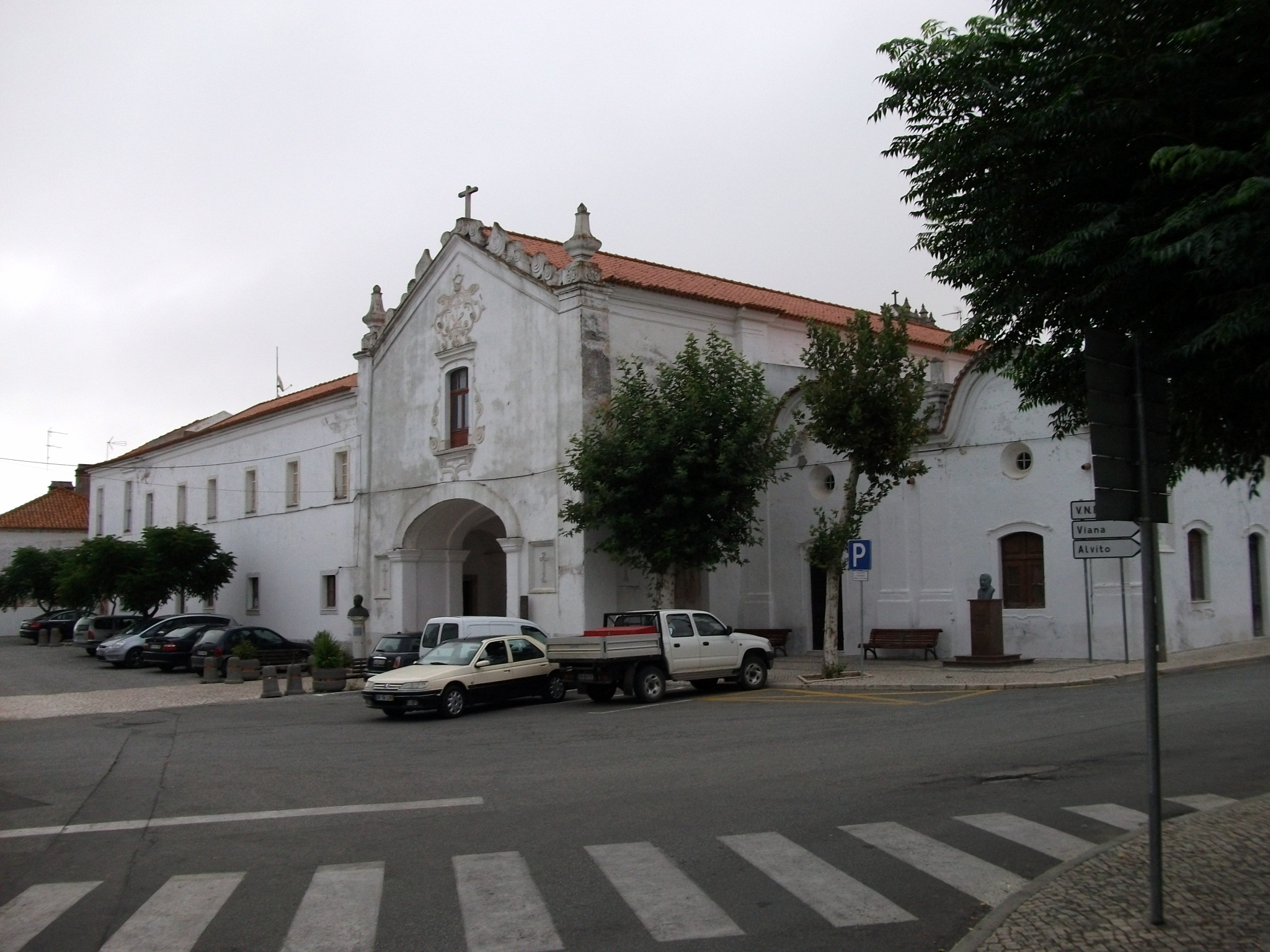 Church and Convent of San Francisco in Torrão, Alcácer do Sal, Portugal.
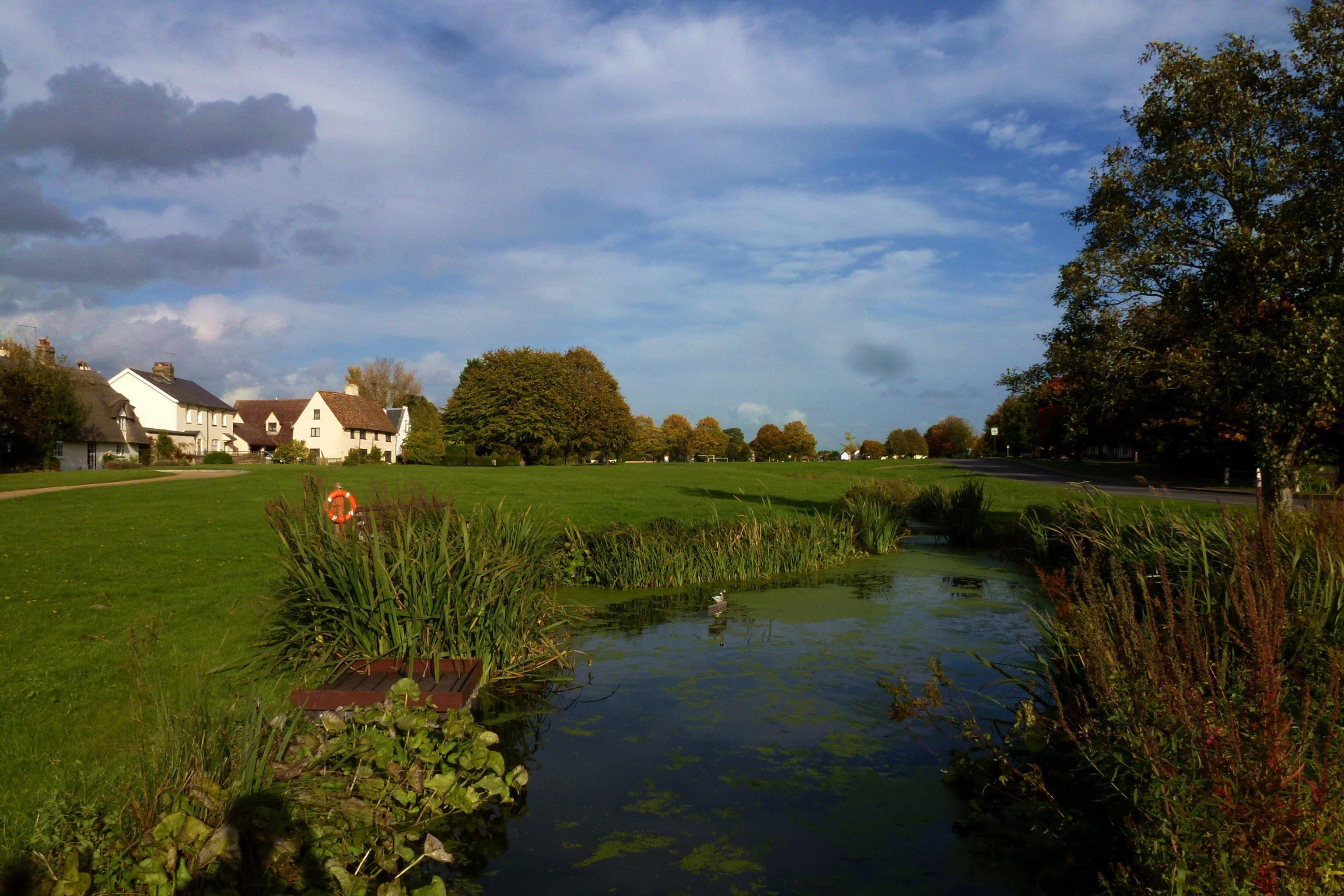 Pond and village green in Barrington, Cambridgeshire.
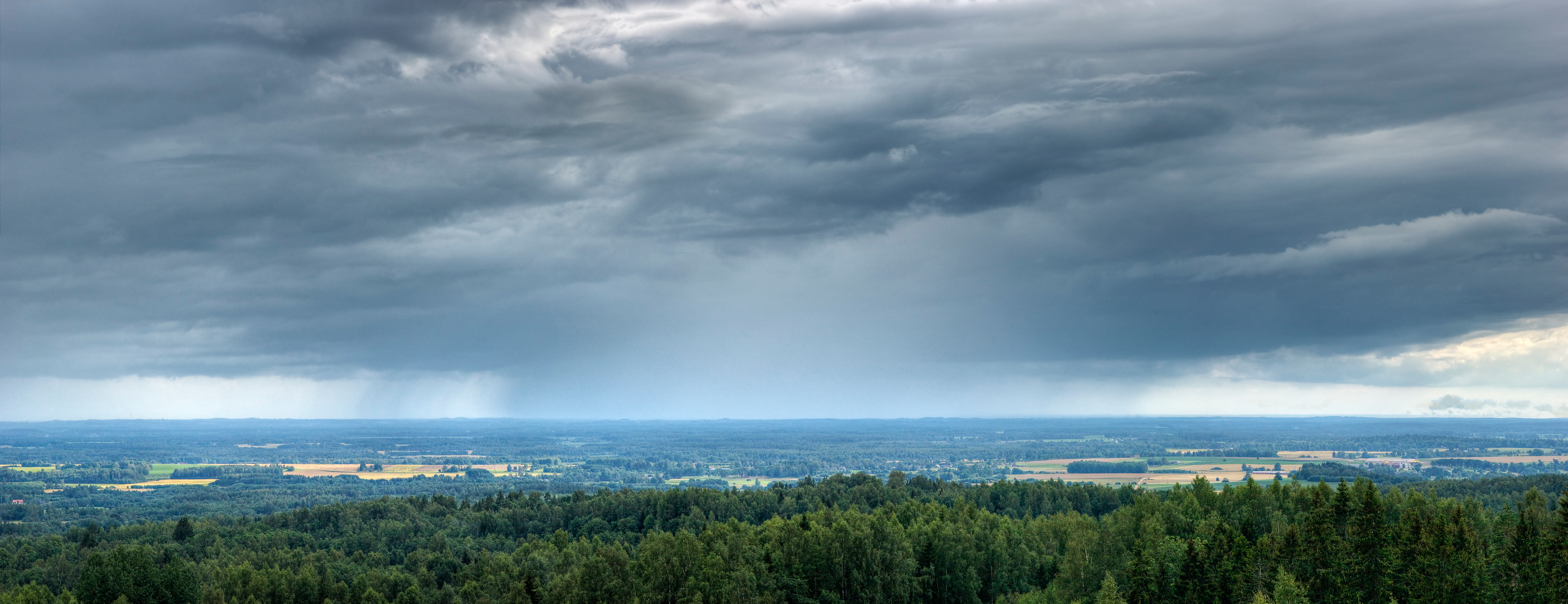 Harimäe tower, view to south
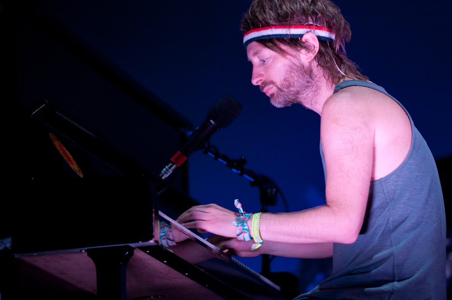 Thom Yorke performing with Atoms for Peace at the Fuji Rock Festival (2010)
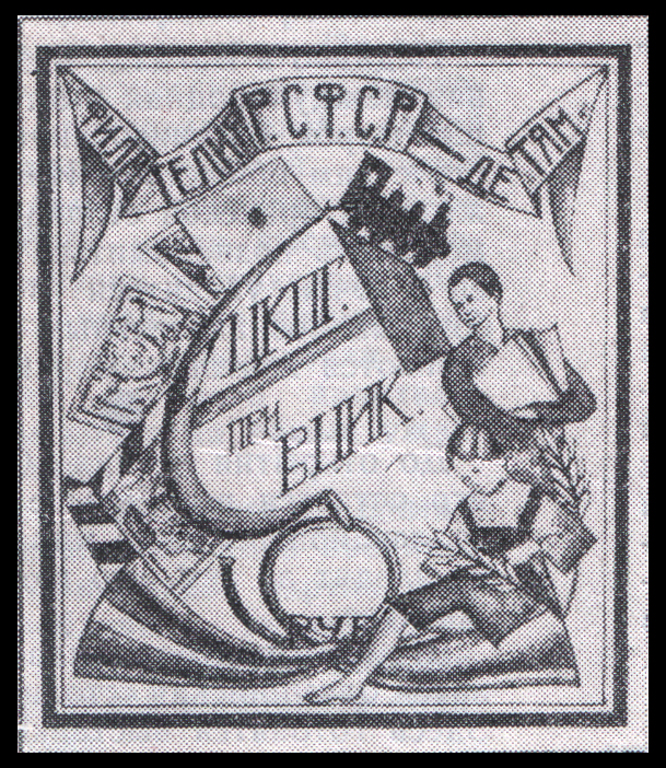 RSFSR CKPG stamp (project), 1922
*-*-*
YOUR INSTRUCTIONS:
Your answer is all of the records restated word for word, pictures excluded.

SOLUTION TO THE EXERCISE:
 Church and Convent of San Francisco in Torrão, Alcácer do Sal, Portugal.
 Pond and village green in Barrington, Cambridgeshire.
 Harimäe tower, view to south
 Thom Yorke performing with Atoms for Peace at the Fuji Rock Festival (2010)
 RSFSR CKPG stamp (project), 1922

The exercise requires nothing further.